Dogecoin Inventor Dragged Into Elon Musk’s $258B Lawsuit

In a recent twist to the ongoing $258 billion lawsuit filed by Dogecoin investors against entrepreneur Elon Musk (Johnson v. Musk, 1:22-cv-05037), new court documents implicate several influencers and personalities within the DOGE community, accusing them of generating favorable social media content in exchange for undisclosed benefits.

According to the latest court filing, page 39 alleges, “Former Tesla employees have stated that Tesla has a dedicated team that hunts for negative remarks on social media about Tesla and Musk personally, and pressures those who post such content to delete it.”

The document goes on to name several Twitter accounts, including that of Billy Markus, known by the pseudonym “Shibetoshi Nakamoto,” the co-creator of Dogecoin, as well as other personalities like Dogecoin developer “Mishaboar” (@mishaboar), who are accused of creating exclusively positive content about Musk and Dogecoin.

Other names include DogeDesigner (@cb_doge), Chairman (@WSBChairman), Sir Doge of the Coin (@dogeofficialceo), MyDogeTip (@MyDogeTip);  The Under Doge (@TheUnderDoge3), MyDoge Wallet (@MyDogeOfficial) and Alex (@MyDogeCTO), among others. These accounts are alleged to have created an unduly positive narrative around Musk and Dogecoin.

Dogecoin Founder And Community Reacts

Reacting to the allegations, Billy Markus stated, “lel, it also says i’m an associate of elon’s (i’m not), i never post anything negative about dogecoin (completely false, i post negative shit about crypto consistently, it even quoted me earlier posting negative shit, so it’s contradictory), and i am part of the dogecoin foundation (i resigned from my non-role awhile ago).” He questioned the legality of the allegations, asking, “I thought it was illegal to make false statements, isn’t that perjury? Whatever, legal stuff is way beyond my understanding.”

Similarly, Mishaboar took to social media to clarify, “Just in case: no, this account never received any ad revenue from X/Twitter nor will be eligible in a thousand years. And no, this account never received payments nor will ever accept payments for sponsored posting.” He added, “The document also claimed I am one of Elon’s fanboys, which is also completely alien to what I do in my feed.”

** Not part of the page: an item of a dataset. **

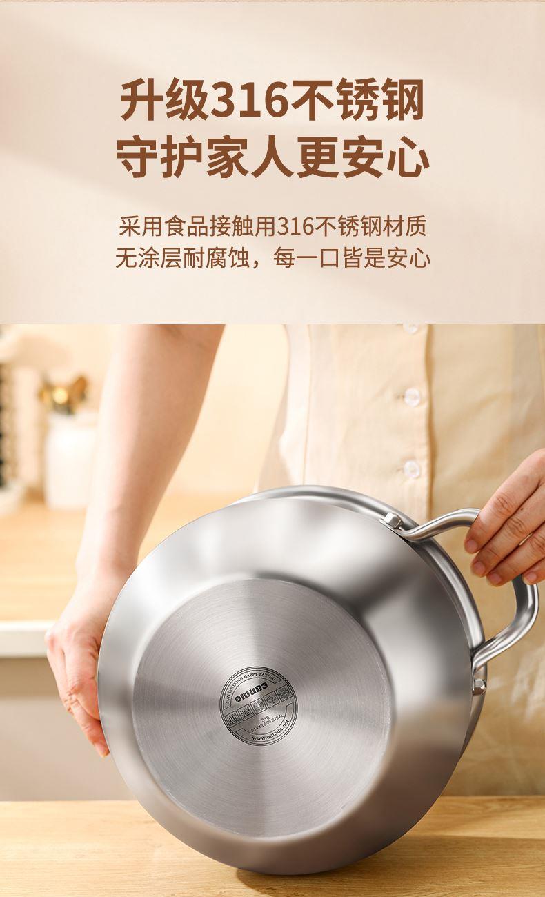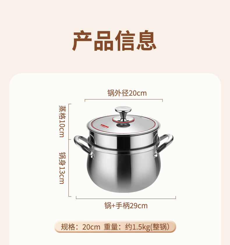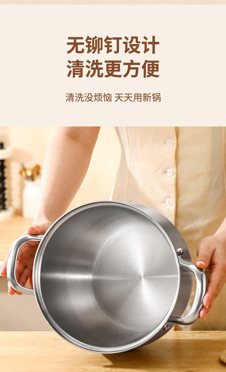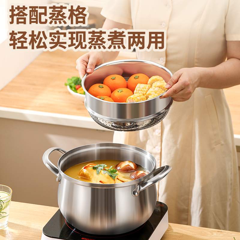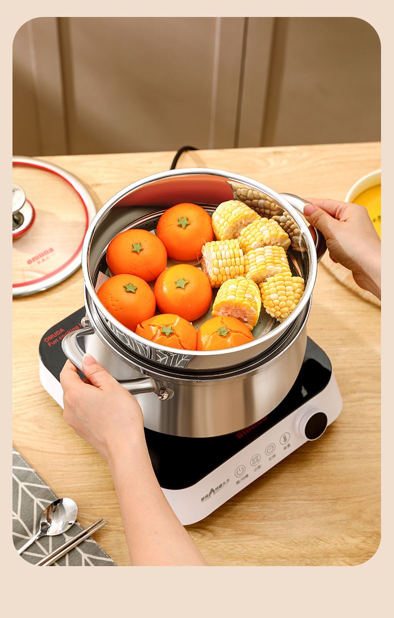 材质:316不锈钢 功能:①小巧锅身+大容量的黄金比例,轻松满足宝宝1-3餐辅食量,新手妈妈操作零负担。 ②316不锈钢,烹饪更健康更安心。 ③鼓型锅身一体冲压成型,无铆钉设计,清洗更方便 ④ 搭配蒸格,轻松实现蒸煮两用,加高加深锅边设计,有效防止汤汁外溢 ⑤电磁炉/燃气灶/电陶炉通用不挑灶具

The allegations expand the scope of the lawsuit, potentially complicating matters for the named influencers. According to Richard L, who initiated the online conversation with Markus, proving the falsity of the allegations would be on the defendants. He noted, “The defendants will need to prove it’s made up, will see if they get a warrant to take electronic devices, though that would be quite expensive (forensics isn’t cheap).”

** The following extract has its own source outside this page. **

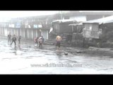 When it rains, it pours. Buildings, markets, cars, trucks, people. All get drenched and washed clean. Life slows down in the sleepy town of Cherrapunji when it rains. But for the children and working people, it is business as usual with a colourful umbrella.<br /><br />Cheerapunji also called Sohra, Cherrapunjee and Charrapunji, is a town in East Khasi Hills district in the Indian state of Meghalaya. It is credited as being the wettest place on Earth. However, nearby Mawsynram has more rainfall nowadays, and both are surpassed by Lloró, Colombia. Today, climatic changes have edged Cherrapunji out of the topmost 'wet' slot, but it still retains its pristine beauty, its unusual facets, the perpetual clouds, and the perpetual mists. Appropriately, Cherrapunji lies in the heart of the State of Meghalaya-the abode of clouds. It is the traditional capital of a hima which is a Khasi tribal chieftainship constituting a petty state known as Sohra or Churra. High above misty valleys and foaming rivers, ensconced in swirling clouds and perched on an escarpment, lies Cherrapunji (4,500 feet). <br /><br />Cherrapunji receives rains from the Bay of Bengal arm of the Indian summer monsoon. The monsoon clouds fly unhindered over the plains of Bangladesh for about 400 km. Thereafter, they hit the Khasi Hills which rise abruptly from the plains to a height of about 1370 m above mean sea level within 2 to 5 km. The winds push the rain clouds through these gorges and up the steep slopes. The rapid ascent of the clouds into the upper atmosphere hastens the cooling and helps vapours to condense. Most of Cherrapunji's rain is the result of air being lifted as a large body of water vapour. The extreme amount of rainfall at Cherrapunji is perhaps the best-known feature of orographic rain in northeast India.<br /><br />The home of enterprising Khasi clans, Cherrapunji's place in the Guinness Book of Records is not its only claim to fame. Along with falls lesser in height but no less alluring, the spectacular, cascading 1,035-ft-high Mawsmai Falls-the fourth highest in India-lie just a few kilometers beyond Cherrapunji. Close by is situated a fascinating labyrinth of underground passages beneath age-old caves-a veritable dream for amateur explorers. Elsewhere around Cherrapunji, Khasi monoliths (stones in memory of their ancestors) lie dotted around-a vague reminder of the forests of Bastar. Cherrapunji has several comfortable private hotels. Staying at the Circuit House and the Dak Bungalow require prior permission from the administration. Cherrapunji is 58 km from Shillong, the capital of Meghalaya. A steep motorable road, almost perpetually bathed in mist as it climbs upwards on the last lap, leads up to Cherrapunji. Buses and taxis ply to Cherrapunji from Shillong. <br /><br />Source: wikipedia.org & http://www.tourism-of-india.com<br /><br />This footage is part of the professionally-shot broadcast stock footage archive of Wilderness Films India Ltd., the largest collection of HD imagery from South Asia. The Wilderness Films India collection comprises of tens of thousands of hours of high quality broadcast imagery, mostly shot on HDCAM 1080i High Definition, HDV and XDCAM. Write to us for licensing this footage on a broadcast format, for use in your production! We are happy to be commissioned to film for you or else provide you with broadcast crewing and production solutions across South Asia. We pride ourselves in bringing the best of India and South Asia to the world... Reach us at wfi @ vsnl.com and admin@wildfilmsindia.com.

Given the high-stakes nature of the lawsuit, the named accounts could face legal scrutiny. The implications for the broader Dogecoin community are as yet unclear, particularly as the case continues to develop. Whether the allegations will lead to any substantive changes in the $258 billion damages sought remains an open question.

At press time, DOGE traded at $0.0625.